▶ [PROVIDED MATERIAL]:
# # #
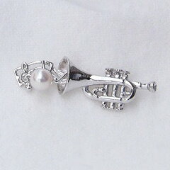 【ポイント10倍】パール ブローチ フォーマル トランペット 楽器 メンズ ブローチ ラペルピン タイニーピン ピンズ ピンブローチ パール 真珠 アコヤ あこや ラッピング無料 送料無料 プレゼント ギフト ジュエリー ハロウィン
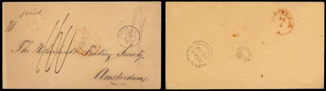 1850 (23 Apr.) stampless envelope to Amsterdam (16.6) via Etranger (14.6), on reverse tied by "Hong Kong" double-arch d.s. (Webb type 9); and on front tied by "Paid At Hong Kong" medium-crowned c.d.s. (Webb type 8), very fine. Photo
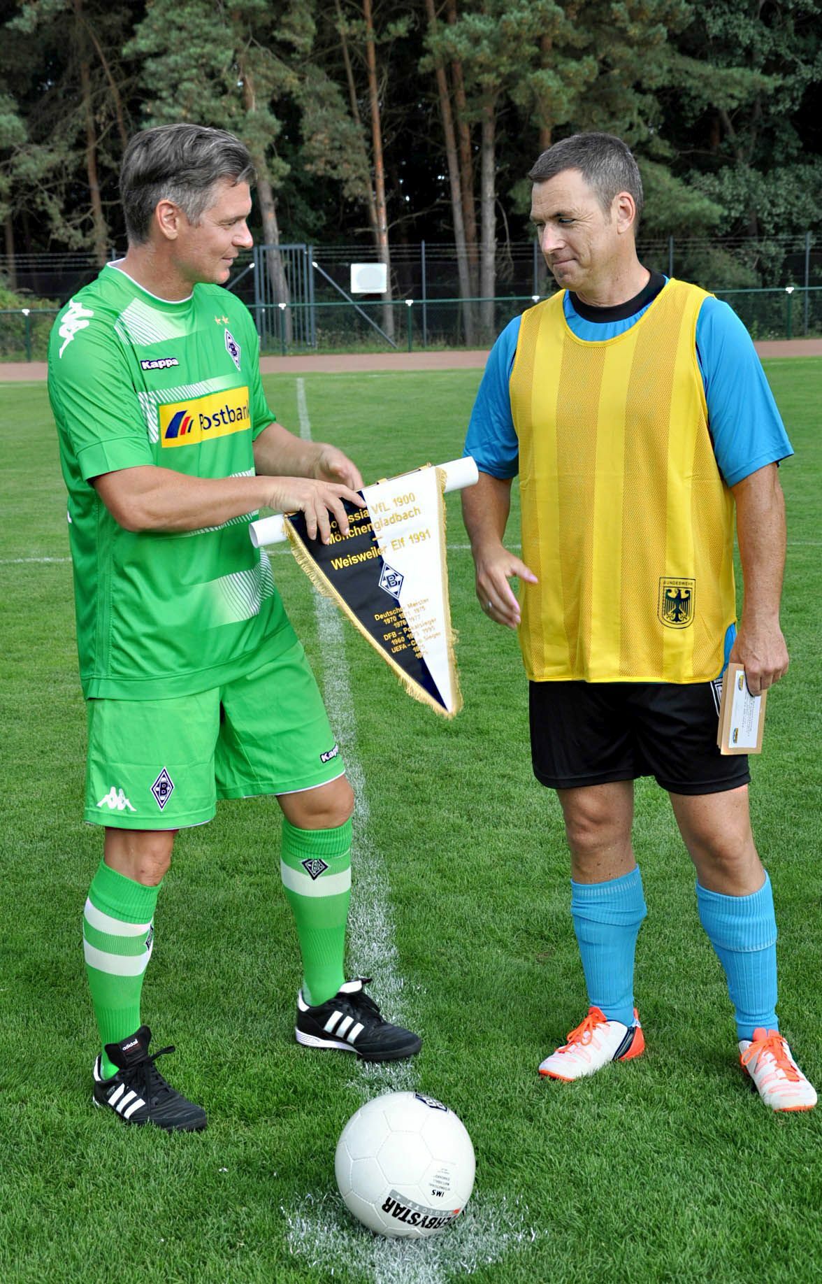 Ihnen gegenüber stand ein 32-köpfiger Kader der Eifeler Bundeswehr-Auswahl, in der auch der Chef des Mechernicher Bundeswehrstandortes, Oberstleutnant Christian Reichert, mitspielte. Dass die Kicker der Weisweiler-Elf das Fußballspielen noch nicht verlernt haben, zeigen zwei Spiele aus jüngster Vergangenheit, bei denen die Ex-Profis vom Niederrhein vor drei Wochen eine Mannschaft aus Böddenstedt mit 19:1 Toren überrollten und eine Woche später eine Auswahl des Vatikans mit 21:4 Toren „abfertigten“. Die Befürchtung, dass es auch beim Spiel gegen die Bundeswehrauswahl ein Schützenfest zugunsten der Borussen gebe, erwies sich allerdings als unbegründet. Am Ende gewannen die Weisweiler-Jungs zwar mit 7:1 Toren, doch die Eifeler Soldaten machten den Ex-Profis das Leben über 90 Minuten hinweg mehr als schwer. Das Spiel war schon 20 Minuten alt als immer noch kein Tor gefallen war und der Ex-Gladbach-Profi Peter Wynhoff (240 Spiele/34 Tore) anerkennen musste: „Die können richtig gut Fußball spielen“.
# # #
▶ [TO DO]:
Give again, exactly, the lines from the start of the data through the one holding "1850 (23 Apr.)"; omit the pictures.

▶ [EXERCISE SOLUTION]:
 【ポイント10倍】パール ブローチ フォーマル トランペット 楽器 メンズ ブローチ ラペルピン タイニーピン ピンズ ピンブローチ パール 真珠 アコヤ あこや ラッピング無料 送料無料 プレゼント ギフト ジュエリー ハロウィン
 1850 (23 Apr.) stampless envelope to Amsterdam (16.6) via Etranger (14.6), on reverse tied by "Hong Kong" double-arch d.s. (Webb type 9); and on front tied by "Paid At Hong Kong" medium-crowned c.d.s. (Webb type 8), very fine. Photo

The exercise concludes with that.